Stored entries:

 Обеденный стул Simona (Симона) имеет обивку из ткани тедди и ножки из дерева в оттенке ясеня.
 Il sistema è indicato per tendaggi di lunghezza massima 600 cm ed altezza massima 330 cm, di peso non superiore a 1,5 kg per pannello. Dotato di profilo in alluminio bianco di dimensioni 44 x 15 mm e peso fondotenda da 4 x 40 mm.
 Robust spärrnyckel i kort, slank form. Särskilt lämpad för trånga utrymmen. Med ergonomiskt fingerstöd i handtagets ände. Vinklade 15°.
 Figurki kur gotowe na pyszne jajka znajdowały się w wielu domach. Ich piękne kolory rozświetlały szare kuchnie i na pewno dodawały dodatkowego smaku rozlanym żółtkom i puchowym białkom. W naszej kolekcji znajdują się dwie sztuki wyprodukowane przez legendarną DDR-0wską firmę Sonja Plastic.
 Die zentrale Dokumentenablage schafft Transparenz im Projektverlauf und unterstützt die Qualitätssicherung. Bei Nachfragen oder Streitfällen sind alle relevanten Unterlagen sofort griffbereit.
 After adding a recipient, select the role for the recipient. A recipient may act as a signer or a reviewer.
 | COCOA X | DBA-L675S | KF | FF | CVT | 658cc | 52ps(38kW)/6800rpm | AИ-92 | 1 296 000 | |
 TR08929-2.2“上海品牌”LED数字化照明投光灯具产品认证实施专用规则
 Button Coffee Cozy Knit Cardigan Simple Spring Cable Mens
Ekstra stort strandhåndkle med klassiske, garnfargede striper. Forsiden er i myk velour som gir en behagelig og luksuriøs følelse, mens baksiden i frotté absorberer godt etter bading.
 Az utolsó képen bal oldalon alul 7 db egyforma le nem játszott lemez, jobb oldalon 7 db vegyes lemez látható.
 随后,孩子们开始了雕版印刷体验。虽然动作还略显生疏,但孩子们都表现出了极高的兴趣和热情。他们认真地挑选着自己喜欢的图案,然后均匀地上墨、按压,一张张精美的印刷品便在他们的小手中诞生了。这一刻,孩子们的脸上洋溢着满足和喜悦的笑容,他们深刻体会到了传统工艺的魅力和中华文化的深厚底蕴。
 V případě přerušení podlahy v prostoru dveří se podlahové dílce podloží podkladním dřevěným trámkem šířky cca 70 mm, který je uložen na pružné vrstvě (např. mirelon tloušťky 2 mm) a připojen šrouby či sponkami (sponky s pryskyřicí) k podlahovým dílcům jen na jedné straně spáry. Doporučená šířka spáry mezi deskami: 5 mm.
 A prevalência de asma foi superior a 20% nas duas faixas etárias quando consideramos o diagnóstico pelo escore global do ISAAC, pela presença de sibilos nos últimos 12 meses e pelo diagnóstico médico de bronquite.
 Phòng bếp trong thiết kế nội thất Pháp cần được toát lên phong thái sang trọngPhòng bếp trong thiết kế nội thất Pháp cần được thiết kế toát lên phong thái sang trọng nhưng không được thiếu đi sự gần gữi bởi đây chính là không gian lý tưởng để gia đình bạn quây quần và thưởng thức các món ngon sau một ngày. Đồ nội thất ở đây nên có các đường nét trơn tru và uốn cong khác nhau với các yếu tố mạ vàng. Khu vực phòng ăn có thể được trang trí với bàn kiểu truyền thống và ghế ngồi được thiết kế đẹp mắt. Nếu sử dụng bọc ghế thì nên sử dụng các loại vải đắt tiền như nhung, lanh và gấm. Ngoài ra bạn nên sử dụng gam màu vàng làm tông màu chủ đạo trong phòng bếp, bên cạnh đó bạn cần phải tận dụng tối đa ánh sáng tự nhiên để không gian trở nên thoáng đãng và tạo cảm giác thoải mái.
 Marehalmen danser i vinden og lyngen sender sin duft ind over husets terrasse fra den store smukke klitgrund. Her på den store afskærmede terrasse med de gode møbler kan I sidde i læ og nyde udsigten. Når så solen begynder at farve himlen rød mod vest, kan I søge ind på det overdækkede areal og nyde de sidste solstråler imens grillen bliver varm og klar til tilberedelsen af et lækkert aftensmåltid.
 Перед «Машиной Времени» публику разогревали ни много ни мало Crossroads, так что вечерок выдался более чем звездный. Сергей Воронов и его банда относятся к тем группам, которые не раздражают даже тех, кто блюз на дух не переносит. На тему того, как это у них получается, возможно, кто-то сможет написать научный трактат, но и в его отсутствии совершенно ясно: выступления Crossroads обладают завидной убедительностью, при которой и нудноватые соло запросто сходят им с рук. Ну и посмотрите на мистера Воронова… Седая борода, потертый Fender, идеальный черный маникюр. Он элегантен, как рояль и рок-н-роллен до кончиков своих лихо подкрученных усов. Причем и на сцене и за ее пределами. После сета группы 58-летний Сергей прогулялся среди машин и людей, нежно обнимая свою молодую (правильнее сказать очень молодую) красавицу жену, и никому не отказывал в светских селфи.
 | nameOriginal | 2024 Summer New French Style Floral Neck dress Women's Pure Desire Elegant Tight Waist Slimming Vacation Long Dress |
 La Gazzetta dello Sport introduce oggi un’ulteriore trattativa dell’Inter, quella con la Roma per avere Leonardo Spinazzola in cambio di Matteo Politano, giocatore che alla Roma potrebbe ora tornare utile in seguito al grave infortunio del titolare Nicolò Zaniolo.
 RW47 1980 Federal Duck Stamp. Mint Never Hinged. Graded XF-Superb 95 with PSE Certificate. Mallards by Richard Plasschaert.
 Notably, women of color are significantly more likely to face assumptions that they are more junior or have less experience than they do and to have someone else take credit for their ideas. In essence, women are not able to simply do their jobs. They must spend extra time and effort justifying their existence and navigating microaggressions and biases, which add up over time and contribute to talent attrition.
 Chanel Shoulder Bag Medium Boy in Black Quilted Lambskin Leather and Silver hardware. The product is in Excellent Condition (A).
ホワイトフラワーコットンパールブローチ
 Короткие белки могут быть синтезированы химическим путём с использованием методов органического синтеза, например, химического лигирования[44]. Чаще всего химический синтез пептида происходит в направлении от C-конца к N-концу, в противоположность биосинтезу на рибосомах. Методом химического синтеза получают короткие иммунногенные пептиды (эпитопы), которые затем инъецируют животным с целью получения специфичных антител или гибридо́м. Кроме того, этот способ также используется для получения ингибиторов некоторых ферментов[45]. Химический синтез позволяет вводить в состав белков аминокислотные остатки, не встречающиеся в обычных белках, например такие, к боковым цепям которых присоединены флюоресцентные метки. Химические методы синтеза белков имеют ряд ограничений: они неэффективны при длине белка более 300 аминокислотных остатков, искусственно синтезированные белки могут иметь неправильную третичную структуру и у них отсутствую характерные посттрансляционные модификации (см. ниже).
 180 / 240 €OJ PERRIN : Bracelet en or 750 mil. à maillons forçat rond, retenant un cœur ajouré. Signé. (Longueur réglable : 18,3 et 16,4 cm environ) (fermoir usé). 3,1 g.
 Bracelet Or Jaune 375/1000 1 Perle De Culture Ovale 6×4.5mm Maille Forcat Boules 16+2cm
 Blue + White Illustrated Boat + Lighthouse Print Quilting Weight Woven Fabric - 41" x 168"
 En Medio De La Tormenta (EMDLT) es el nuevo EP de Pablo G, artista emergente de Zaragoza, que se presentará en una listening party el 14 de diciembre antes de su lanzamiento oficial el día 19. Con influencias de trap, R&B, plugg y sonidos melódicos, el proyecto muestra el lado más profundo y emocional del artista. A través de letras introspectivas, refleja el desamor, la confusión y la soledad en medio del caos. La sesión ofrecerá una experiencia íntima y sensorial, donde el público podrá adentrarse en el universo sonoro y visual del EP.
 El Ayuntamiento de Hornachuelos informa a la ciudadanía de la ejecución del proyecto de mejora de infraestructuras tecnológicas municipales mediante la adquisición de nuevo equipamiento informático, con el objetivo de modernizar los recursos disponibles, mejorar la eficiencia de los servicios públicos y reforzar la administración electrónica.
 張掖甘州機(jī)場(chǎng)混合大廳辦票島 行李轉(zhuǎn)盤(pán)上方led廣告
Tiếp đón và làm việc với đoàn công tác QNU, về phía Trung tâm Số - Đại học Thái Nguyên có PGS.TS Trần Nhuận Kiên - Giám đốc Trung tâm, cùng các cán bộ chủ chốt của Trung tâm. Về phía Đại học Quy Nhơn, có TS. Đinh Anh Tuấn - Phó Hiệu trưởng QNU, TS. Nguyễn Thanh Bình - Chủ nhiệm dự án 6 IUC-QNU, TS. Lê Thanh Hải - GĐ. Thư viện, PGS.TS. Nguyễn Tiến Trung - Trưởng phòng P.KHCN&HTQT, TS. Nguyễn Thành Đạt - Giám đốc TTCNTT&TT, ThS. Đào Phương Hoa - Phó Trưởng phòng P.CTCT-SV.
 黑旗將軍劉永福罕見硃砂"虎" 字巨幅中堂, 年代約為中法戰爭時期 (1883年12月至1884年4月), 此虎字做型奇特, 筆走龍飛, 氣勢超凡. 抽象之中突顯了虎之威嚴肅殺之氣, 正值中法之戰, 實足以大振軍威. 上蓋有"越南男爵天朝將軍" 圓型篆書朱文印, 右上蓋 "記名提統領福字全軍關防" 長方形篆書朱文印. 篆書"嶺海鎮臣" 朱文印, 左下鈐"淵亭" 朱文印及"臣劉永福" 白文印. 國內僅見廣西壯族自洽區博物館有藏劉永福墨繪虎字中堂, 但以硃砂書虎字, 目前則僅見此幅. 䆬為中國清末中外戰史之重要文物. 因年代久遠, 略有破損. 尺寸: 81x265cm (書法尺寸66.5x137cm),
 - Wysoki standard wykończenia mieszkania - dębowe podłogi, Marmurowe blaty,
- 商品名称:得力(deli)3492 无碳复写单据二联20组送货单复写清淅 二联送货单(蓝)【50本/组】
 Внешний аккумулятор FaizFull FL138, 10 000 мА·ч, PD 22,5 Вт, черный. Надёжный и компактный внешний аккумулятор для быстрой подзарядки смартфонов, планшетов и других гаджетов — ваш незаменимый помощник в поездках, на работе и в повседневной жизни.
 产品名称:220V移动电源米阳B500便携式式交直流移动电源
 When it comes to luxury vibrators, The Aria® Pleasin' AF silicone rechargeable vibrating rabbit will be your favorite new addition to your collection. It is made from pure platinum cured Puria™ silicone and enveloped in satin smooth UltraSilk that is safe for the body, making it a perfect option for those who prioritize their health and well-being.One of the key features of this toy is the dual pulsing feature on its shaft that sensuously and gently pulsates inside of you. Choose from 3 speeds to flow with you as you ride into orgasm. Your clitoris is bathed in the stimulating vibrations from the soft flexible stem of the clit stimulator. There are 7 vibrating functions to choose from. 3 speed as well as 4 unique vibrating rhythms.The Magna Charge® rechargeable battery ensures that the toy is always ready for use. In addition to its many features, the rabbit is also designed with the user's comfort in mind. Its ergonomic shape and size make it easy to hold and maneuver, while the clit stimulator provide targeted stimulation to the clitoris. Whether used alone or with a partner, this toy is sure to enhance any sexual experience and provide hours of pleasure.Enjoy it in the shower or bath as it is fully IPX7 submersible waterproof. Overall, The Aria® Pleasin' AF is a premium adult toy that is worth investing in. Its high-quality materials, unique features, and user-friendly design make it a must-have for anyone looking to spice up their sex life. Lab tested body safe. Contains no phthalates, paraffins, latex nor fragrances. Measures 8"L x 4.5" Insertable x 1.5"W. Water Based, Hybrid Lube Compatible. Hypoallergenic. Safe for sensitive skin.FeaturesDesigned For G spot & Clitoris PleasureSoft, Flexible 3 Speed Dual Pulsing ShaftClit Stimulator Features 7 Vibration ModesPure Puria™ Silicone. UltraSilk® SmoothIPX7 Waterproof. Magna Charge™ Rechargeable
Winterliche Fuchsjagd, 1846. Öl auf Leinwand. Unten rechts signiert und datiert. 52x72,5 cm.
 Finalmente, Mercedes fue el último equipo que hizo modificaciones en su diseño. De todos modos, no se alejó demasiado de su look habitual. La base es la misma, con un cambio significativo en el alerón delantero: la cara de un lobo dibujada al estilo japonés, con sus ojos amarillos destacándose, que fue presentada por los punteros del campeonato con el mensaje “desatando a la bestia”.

> _WHAT NEEDS TO BE DONE_
From the records above, repeat exactly the lines from the one with "Ekstra stort strandhåndkle" through the one with "Az utolsó képen", both included.

> _EXPECTED ANSWER_
Ekstra stort strandhåndkle med klassiske, garnfargede striper. Forsiden er i myk velour som gir en behagelig og luksuriøs følelse, mens baksiden i frotté absorberer godt etter bading.
 Az utolsó képen bal oldalon alul 7 db egyforma le nem játszott lemez, jobb oldalon 7 db vegyes lemez látható.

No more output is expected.